My imaginary friends

Alert readers will recall that I have said that I never had an imaginary friend as a child. I never went through that phase. I was always a strangely literal and self-possessed child who never thought of his stuffed animals as real animals because… they weren’t.

We had a lot of cats. Those were real animals. And they purred and rubbed up against my leg and played with me. What stuffed animal could compare?

Which leads me to what I am pleased to call my point : I did have imaginary friends of a subtler sort than the usual kind depicted in media.

And the cats were part of that. They were my friends because they were companions whom I loved and cherished and who kept me from feeling too lonely. Even when nobody else was paying attention to me, I could always go find a cat and pet it and it would purr and it would love me.

No wonder I am such a cat person.

Mental note : any place I move to has to allow pets, because I am getting me a cat, god dammit. I want my own cat to cherish and look after and pet and cuddle and LOVE.

And I am quite sure I can be a good cat owner. Cats’ needs are simple, after all. They take care of themselves, more or less. Keep the litter box empty and the food and water dishes full and you are good to go,.

Plus, I speak cat, so to speak. I get cats. Growing up surrounded by them and spending so much time with them gave me a lot of time to wonder what was going on in their fuzzy little heads and observe them and their ways.

Plus I know the family secret of how to raise loving, affectionate, wonderful cats : never hold them against their will. Never grab them, especially not suddenly. When they want down, let them down. Let them do their own thing.

Follow those rules religiously and I guarantee you will raise a happy, secure, cuddly cat who is very people friendly.

Where was I? Oh right, imaginary friends.

Now obviously, the cats were not imaginary. They were real cats. I’m crazy but I am not psychotic. I have witnesses.

So they were only imaginary friends in the sense that they were a non-human substitute for having real friends.

Another type of imaginary friend I had was the characters on the shows I liked. As you know, I was largely raised by television (and cats), and the shows I gravitated towards were the ones that gave me a warm feeling of inclusion.

Hence my love of sitcoms. Any decent sitcom has warm, lovable characters who spend a lot of time together and form a family of sorts – either literally or by association.

So whether it was the Huxtables, the cops on Barney Miller, the gang at Cheers, the courtroom of Judge Harold T. Stone from Night Court, or the Keatons from Family Ties, these fictional people and their fictional “families” became extensions of my own family and when I spent time with them, I didn’t feel so alone.

No wonder I want to write for TV. It’s the closest I can get to moving into the TV screen and living with the “family” that doesn’t make me feel like I don’t belong.

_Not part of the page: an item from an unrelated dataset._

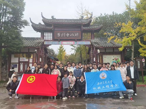 随着活动的接近尾声,同学们在战旗村的文化广场稍作休息,享受着乡村文化的熏陶。他们一边品尝着村里的特色农产品,一边热烈地交流着此次参观的心得与体会。每个人的脸上都洋溢着满足和喜悦,仿佛这次活动不仅让他们收获了知识,更让他们的心灵得到了充实。在交流的过程中,同学们纷纷提到了《习近平与老员工朋友们》一书中的内容,如何将书中的理论与实践相结合,以及如何在日常生活中践行书中的思想。他们表示,通过阅读这本书,更加明确了自己的责任和使命,也更加坚定了为实现中华民族伟大复兴的中国梦而努力奋斗的决心。随后,同学们前往乡村十八坊进行合影留念。在这充满乡村风情的地方,大家摆出各种姿势,用镜头记录下这难忘的时刻。这张照片不仅是对此次活动的美好回忆,更是对青春岁月的珍贵纪念。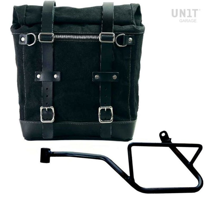 モトグッチV7 850 キャンバスサイドバッグスクラム22-30L ブラック/ブラック&サポート 左側 ユニットガレージ

Where everybody is witty and funny and everything always works out okay and everyone gets along with one another, even when they fight, and there is a real warmth to their relationship, the kind of emotional warmth I so desperately crave.

It’s so cold in here, I need all the warmth I can get. IT might seem strange to people who know me but don’t know me that well that I might talk about arctic freezeburn of the soul when to them, I seem like such a warm and cuddly guy.

But I can’t feel my own warmth unless it is reflected back to me in someone else. And it’s that craving for reflected warmth that makes me such a warm guy, I think. I have every incentive to output as much warmth as I can in order to maximize the amount that I get back.

So it’s true that making other people happy makes me happy. It really does.

But that has a lot to do with my inability to feel my own happiness, leading me to having to bypass my broken circuits and get my happiness the long way around.

The last and saddest form of imaginary friends from my childhood were the imaginary friendships I had with the small number of fellow students who were sort of nice to me.

Or at least, less actively hostile towards me. They intermittently tolerated me. They were not quite enemies. Whatever.

Now I didn’t go all stalker-crazy on these people and imagine this whole elaborate relationship between us that existed in secret or any of that craziness.

But I did think of them as friends when odds are, they didn’t think of me at all. Or if they did, they were not kind or tolerant thoughts.

I mean, I was such a weird kid. Nothing about me made sense. I was both effortlessly brilliant and hopelessly clueless. I radiated intelligence (still do, apparently) while also being a total slob and kind of gross. I talked like an adult but I acted like a timid toddler. I was both ferociously independent of mine and pathetically dependent of emotions. I got amazing marks without doing anything to “earn” them and worse, seemed to take that for granted instead of seeing it as the valuable thing it should be.

Most people have never met anyone remotely like that and I have never a kid quite like I was depicted in the media. People have no slot to fit me into.

And even though I am a shapeshifter. I can’t/won’t change to fit their slots, either.

Leaving me as a rugged individualist who lives by his own rules.

But not like… on purpose. I have no choice.

Becaause I just got to be me.

I will talk to you nice people again tomorrow,.